Splitting a CSV file into 40,000 line chunks

All -

I've written a script to split a .csv file into smaller .csv files of
40,000 lines each. The intent here is to break the file down enough so
that excel does not have issues reading each chunk. My code takes a
filename from the command line and breaks it down as so:

infile -> xyz.csv

output -> xyz_part_1.csv
          xyz_part_2.csv
          etc...

My code is working but I don't find it very "rubyish". In particular, I
hate having my index and counter counters and I don't like that I had to
declare my header variable outside of the loop. Bear in mind here that I
can not do something like "rows = CSV.open(infile)" because ruby will
yell and error as the input file is too big (250 mb). Any advice on
making the code nicer is appreciated. The current code is as follows:

require 'csv'

infile = ARGV[0] if ARGV[0] != nil

counter = 1
index = 0
header = ""
writer = CSV.open(infile.gsub(/\./,"_part_"+counter.to_s+"."),'w')

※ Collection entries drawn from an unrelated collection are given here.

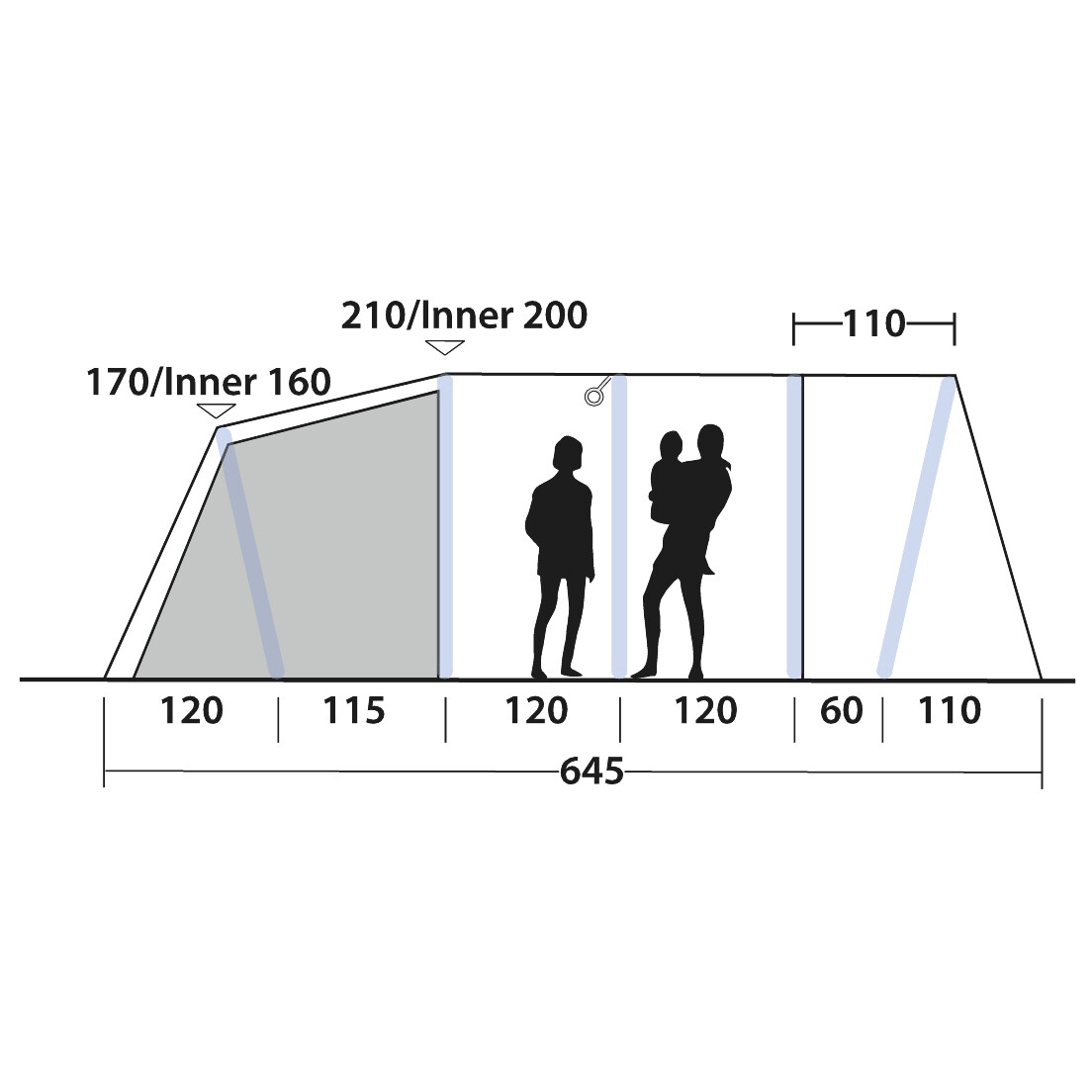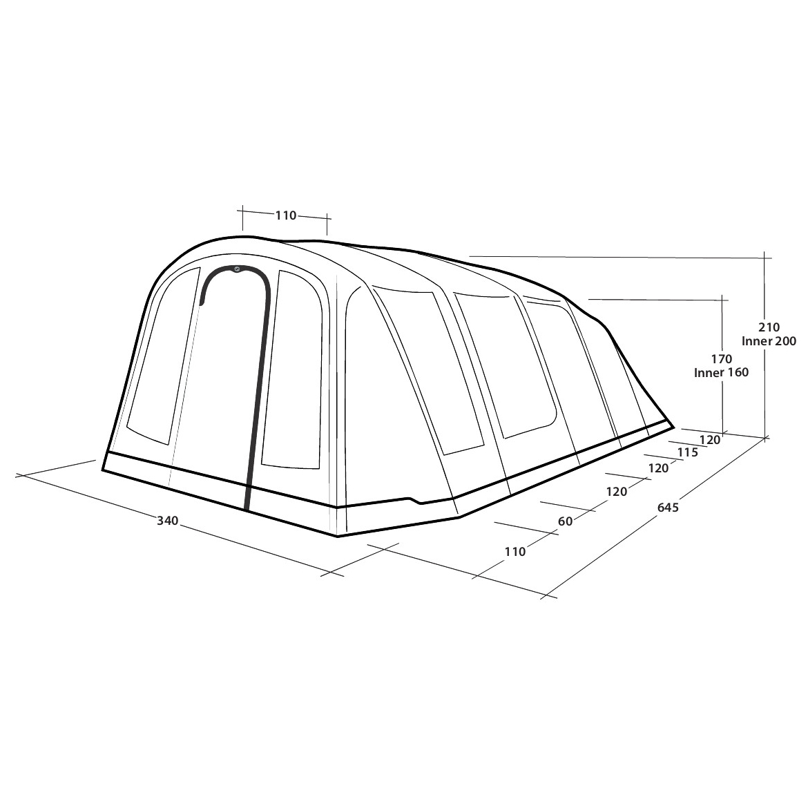 - long. 645 x anch. 340 x alt. 210 cm
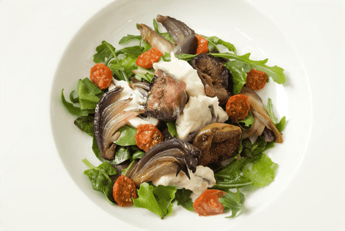 Salad with sun-dried tomatoes, figs and caramelized onions
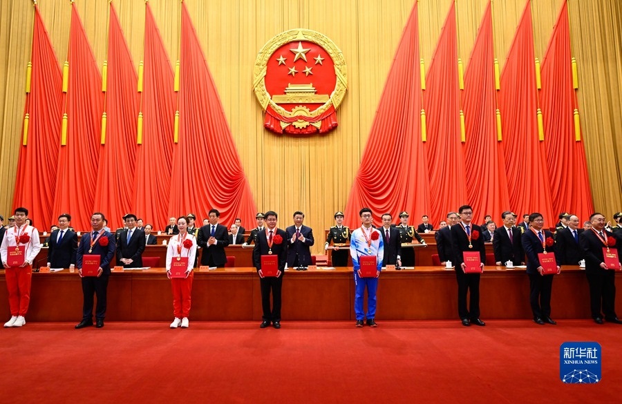 4月8日,北京冬奧會、冬殘奧會總結(jié)表彰大會在北京人民大會堂隆重舉行。習近平等為北京冬奧會、冬殘奧會突出貢獻個人和突出貢獻集體代表頒獎。新華社記者 丁林 攝
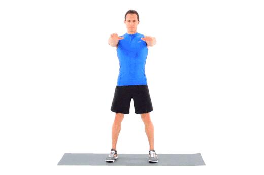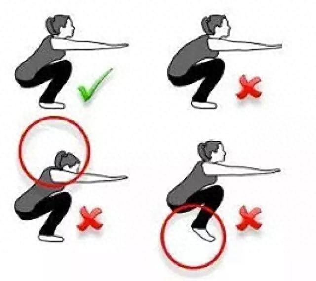 2、下蹲的時候,膝蓋與腳尖方向一致,避免內扣,膝蓋不要超過腳尖,重量落在腳後跟。
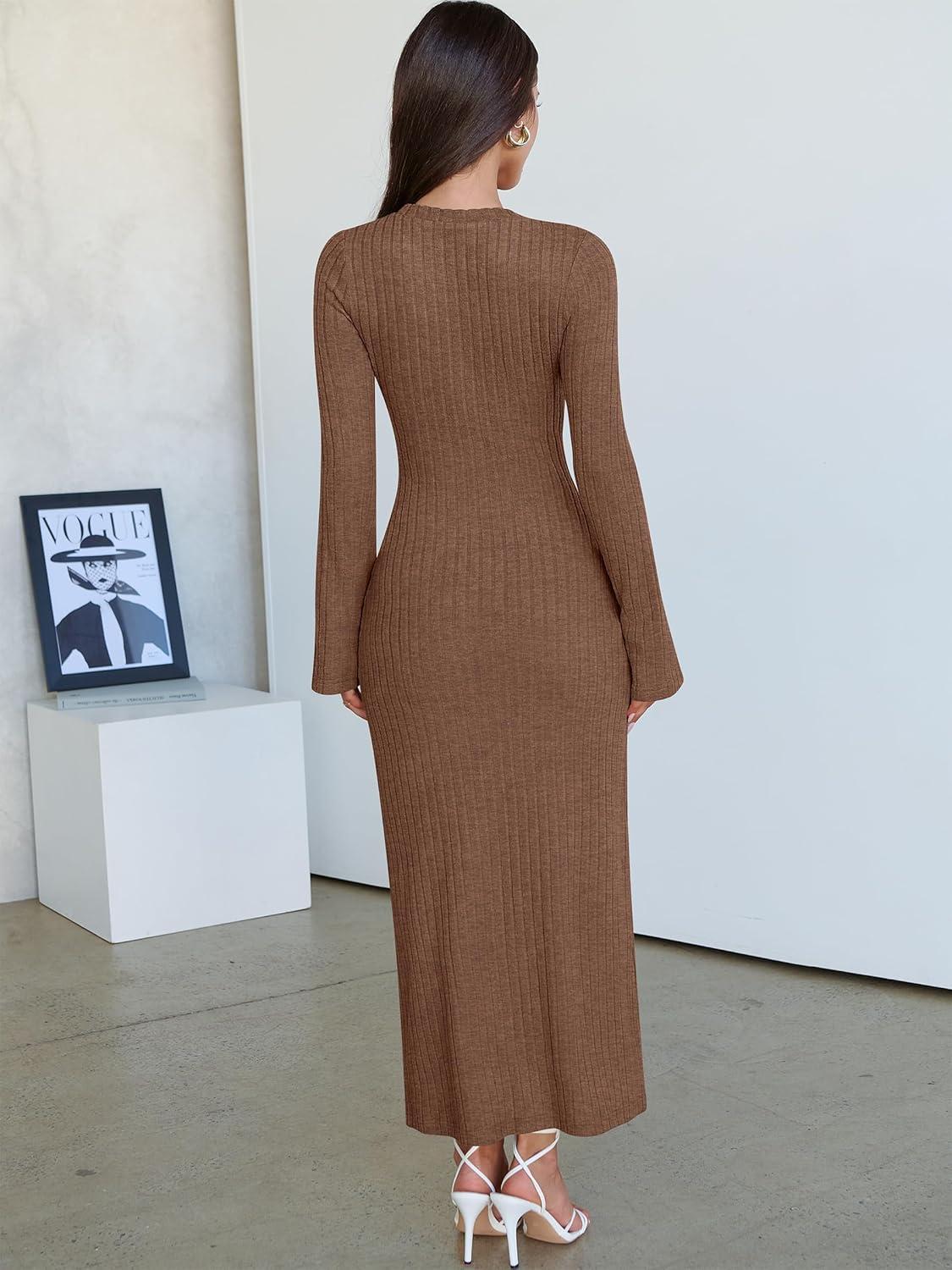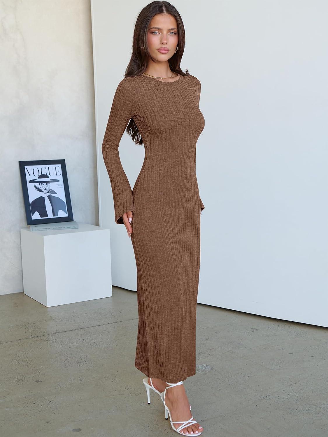imageANRABESS Womens Bodycon Maxi Dresses 2025 Fall Casual Flare Sleeve Crewneck Lounge Comfy Sexy Ribbed Knit Long Sweater DressBrown
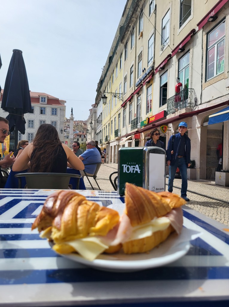 With a healthier attitude, I walked through the throngs of tourists and away from the cathedral. I needed to get into a less-touristy part of town for a sane meal. I found a plaza with a suitable café near the train station. I ordered a beer, a bottle of water, and a ham & cheese sande from a waiter that also helped me with basic Portuguese.
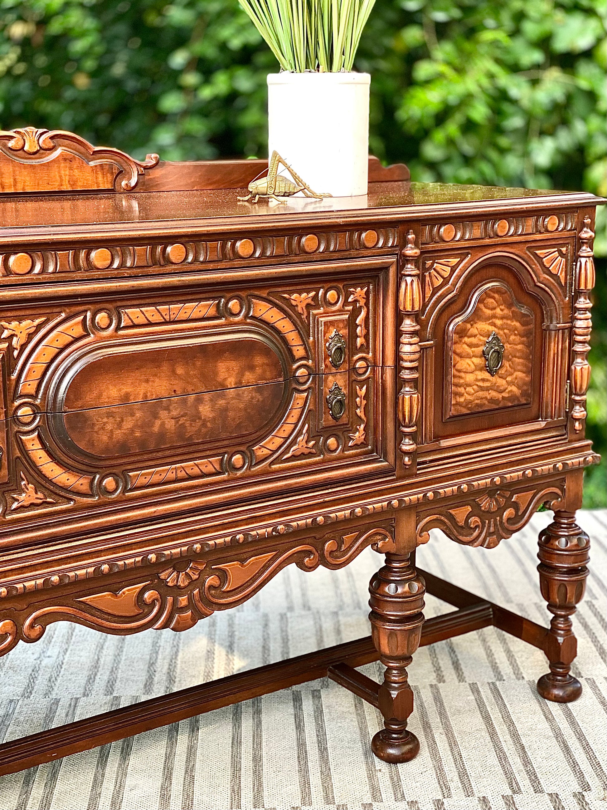 New arrival! 🍂🍁 We love the vibe of this vintage wooden credenza buffet. Two tone style with ornate detail and in overall nice, sturdy condition. Lots of storage available and great for a hallway, dining room or living space. 42”h x 66” x 22” Good condition
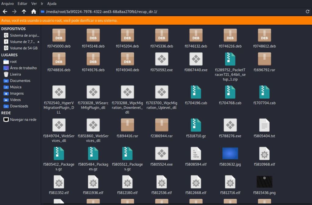 Concluída a operação, você pode ir no diretório verificar os arquivos que conseguiu recuperar.

CSV.open(infile, 'r') do |row|
  if(index != 0 && index%40000 == 0)
    writer.close
    counter+=1
    writer = CSV.open(infile.gsub(/\./,"_part_"+counter.to_s+"."),'w')
    writer << header
  end
  if (index == 0)
    header = row
  end
  writer << row
  index += 1
end

writer.close()

···

--
Posted via http://www.ruby-forum.com/.

File.open("test", "w+") do |f|
  20.times do |i|
    f.write "abc|def|ghi#{i}\n"
  end
end

File.open("test", "r") do |fin|
  part = 0
  while row = fin.gets

    File.open("test_part#{part}", "w+") do |f|
      5.times do
        f.write(row)
        break unless row = fin.gets
      end
    end

    part += 1
  end
end

···

On 11/29/06, Drew Olson <olsonas@gmail.com> wrote:

My code is working but I don't find it very "rubyish". In particular, I
hate having my index and counter counters and I don't like that I had to
declare my header variable outside of the loop. Bear in mind here that I
can not do something like "rows = CSV.open(infile)" because ruby will
yell and error as the input file is too big (250 mb). Any advice on
making the code nicer is appreciated. The current code is as follows:

--
Simon Strandgaard
http://opcoders.com/

Drew Olson wrote:

All -

I've written a script to split a .csv file into smaller .csv files of
40,000 lines each. The intent here is to break the file down enough so
that excel does not have issues reading each chunk. My code takes a
filename from the command line and breaks it down as so:

infile -> xyz.csv

output -> xyz_part_1.csv
          xyz_part_2.csv
          etc...

My code is working but I don't find it very "rubyish". In particular, I
hate having my index and counter counters

Consider that the problem is one of counting input lines. In a case like
this, it is not possible to avoid using a counter. It's in the nature of
the problem to be solved.

and I don't like that I had to
declare my header variable outside of the loop. Bear in mind here that I
can not do something like "rows = CSV.open(infile)" because ruby will
yell and error as the input file is too big (250 mb). Any advice on
making the code nicer is appreciated. The current code is as follows:

require 'csv'

infile = ARGV[0] if ARGV[0] != nil

counter = 1
index = 0
header = ""
writer = CSV.open(infile.gsub(/\./,"_part_"+counter.to_s+"."),'w')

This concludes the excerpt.